Money. To some, it is a means of exploitation and injustice, but no one can deny that it is a product of civilization and economic cooperation. Some time ago, I described the devastating effects of a rapid devaluation of money (hyperinflation) on society . However, a medium inflation rate constitutes a form of creeping expropriation as well, intransparent and undemocratic . In this article, I analyze how inflation contributes to rising levels of inequality and present the concept of the current “pop star” of economics, Thomas Piketty, to solve this problem.
How does Inflation cause inequality to rise?

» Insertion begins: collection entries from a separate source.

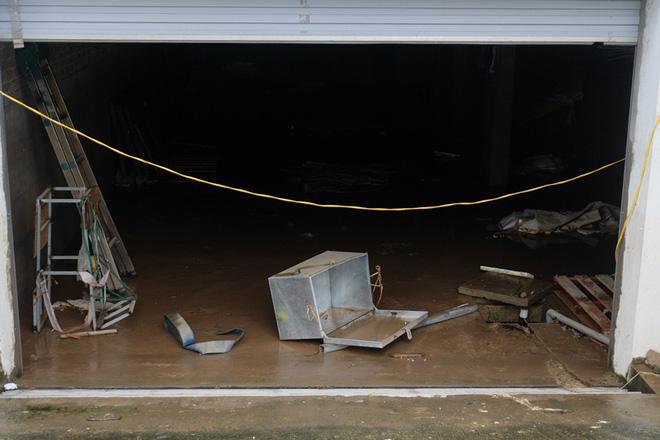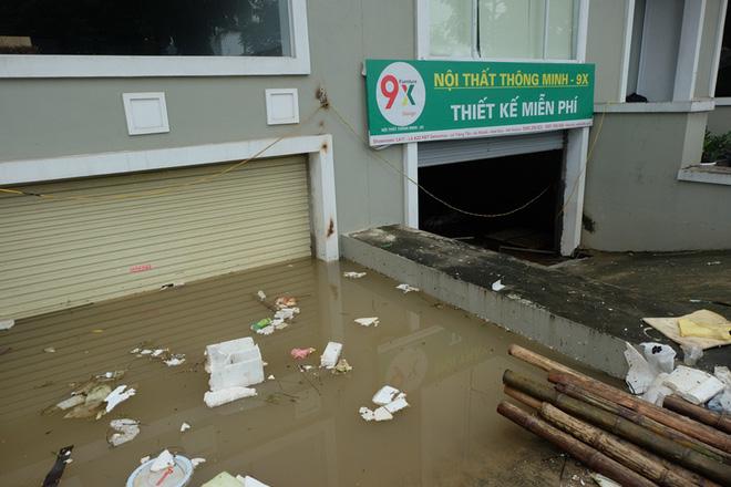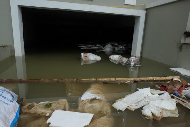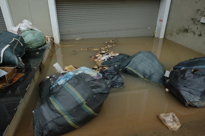 Mưa lớn khiến rác trôi nổi trước cửa tầng hầm.
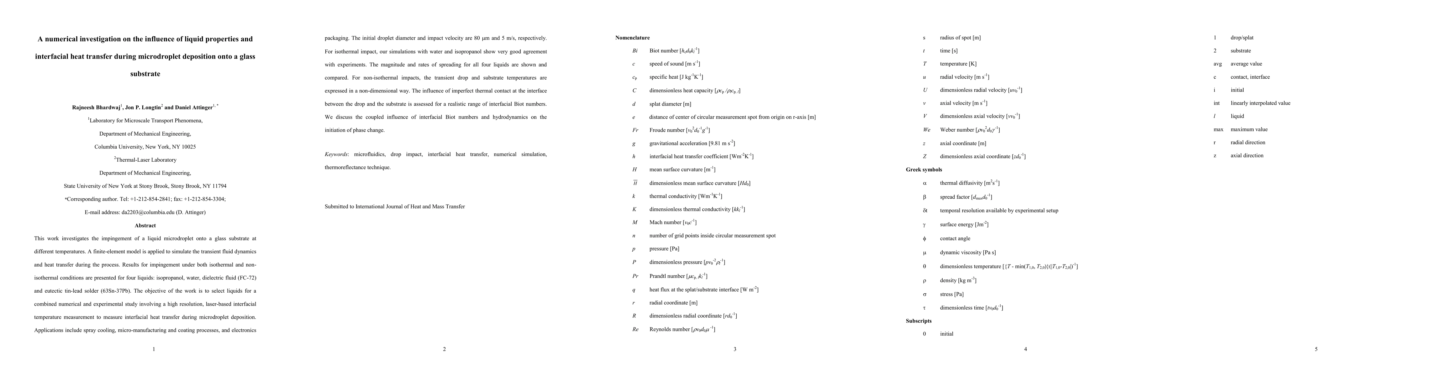 This study uses a finite-element model to simulate the transient fluid dynamics and heat transfer during the deposition of microdroplets of four different liquids onto a glass substrate at varying temperatures. The research aims to identify optimal liquids for a combined numerical and experimental study to measure interfacial heat transfer, with applications in spray cooling, micro-manufacturing, and electronics packaging.
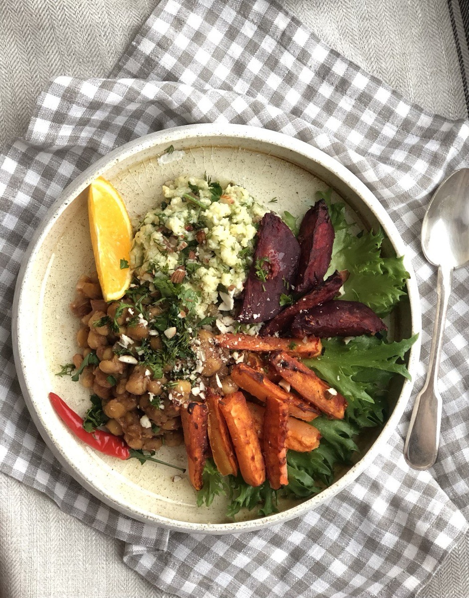 Готовая чечевица + шпинат + фета + оливковое масло.
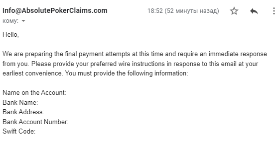 snaka, ответили с Info@AbsolutePokerClaims.com. После отправки им реквизитов, ответили, что апдейтили мою инфу
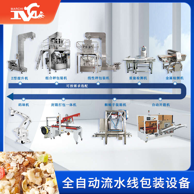 全自動流水線包裝設備是現代化生產企業提高生產效率、降低人工成本的關鍵設備。在這其中,給袋式顆粒包裝機作為一款先進的包裝設備,廣泛應用于多種顆粒狀物料的自動化包裝,適用于食品、醫藥、化工等行業。
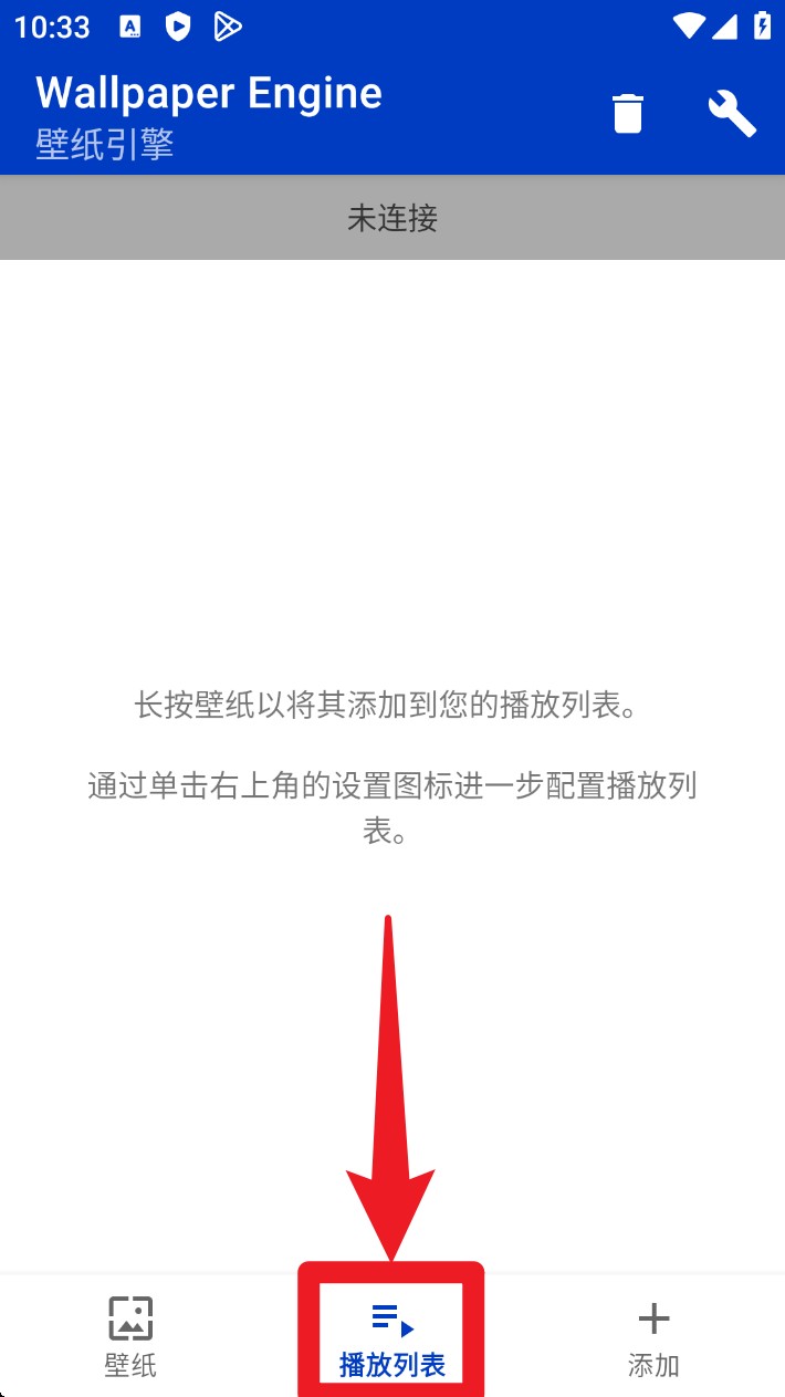 2. 切换到「播放列表」页面,长按某个壁纸可将其添加至列表中,支持设置轮播循环播放。
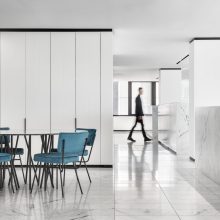 To encourage natural light throughout and access to city views throughout the space a screen divides the public reception area and private work spaces. As a device to bring people together, there is a formal break-out zone at the heart of the office and meeting areas scattered throughout. The open-plan design removes a sense of hierarchy and directors and staff are placed together in ‘neighbourhoods’.
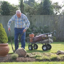 Poly garden trolley with 4 large 10 x 3″ wheels and tipping facility.
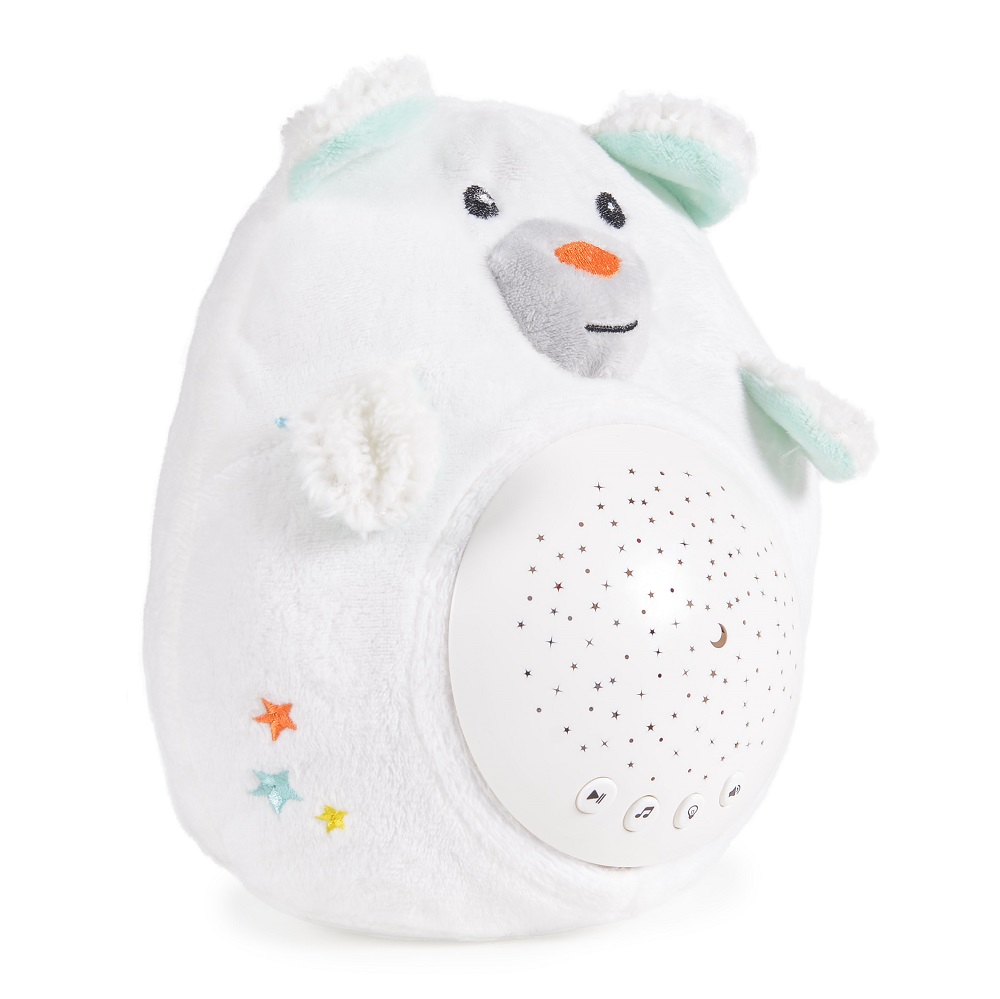 The Starry Sky Night Light and Projector creates a soothing atmosphere by projecting stars in various colors, with the option to fix a preferred hue. It features 10 gentle melodies and nature sounds, along with white noise to help calm and lull babies to sleep faster. The volume is adjustable with two levels, and the detachable projector can be used separately. Designed to stimulate sensory development, it helps little ones recognize shapes, colors, and sounds. The soft and safe plush toy is perfect for cuddling and is suitable for hand washing. Operates with 3 x 1.5V AA batteries (not included).
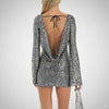 Deze zilveren pailletten mini jurk met open rug is een echte eyecatcher voor feestjes en avondjes uit. De diepe open rug met striksluiting en lange mouwen geven een elegante en glamoureuze look, terwijl de glanzende pailletten zorgen voor een schitterende afwerking.
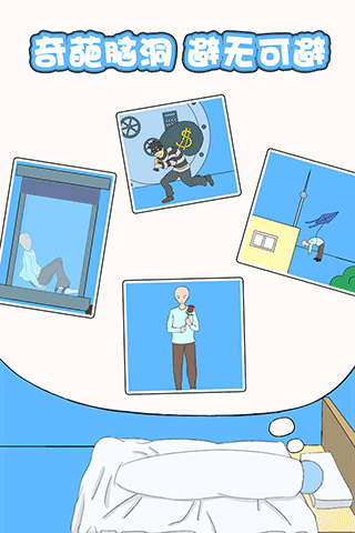 游戏最吸引人的地方在于其天马行空的创意设计。每个梦境都像是一个精心设计的微型世界,从学生考试的美梦到政客的幻想,从越狱的刺激到实验室的疯狂,每个场景都充满惊喜。游戏采用了清新简约的简笔画风格,搭配幽默诙谐的剧情,让整个破梦过程充满欢乐。操作方式简单直观,但谜题设计却充满挑战性,需要玩家开动脑筋才能找到破解之道。

We can observe that inflation hits lower and middle classes harder than the richest members of society. The way capitalism works is that blue and white collar workers are in a constant struggle with their employers about how to distribute the profits of private enterprises. As wages are nominally fixed, they have to negotiate frequent wage raises just to maintain their level of real wages. If inflation rates are high, this creates great pressure, making it impossible for them to profit from increases in productivity, unlike the owners of capital.
It can also be observed that the richer members of society own a large percentage of the real estate. The middle class, however, is much more likely to put their savings in the banks, which constantly loses value, if interest rates are lower than inflation .
If Inflation is so bad, what is it good for anyway?
Directly or indirectly, governments are in charge of the inflation rate. Because debt is usually nominally fixed, it gets devalued according to the inflation rate, which suits the debtor. As almost every country in the world is indebted, they have the means to enrich themselves (lower their debt) by jacking up inflation rates.
Many people argue that the common currency within the Euro Zone is what blocks the economic recovery of the highly indebted southern European states. Rising inflation rates would make the economies of the PIGS-States (Portugal, Italy, Greece, Spain) more competitive on the world market, they would free the state of its debt and allow it to invest in its economy. Nevertheless, as said above, inflation causes inequality to rise, which in turn lowers economic growth and overall happiness . Hence, the question arises:
Can we have the advantages of inflation without its disadvantages?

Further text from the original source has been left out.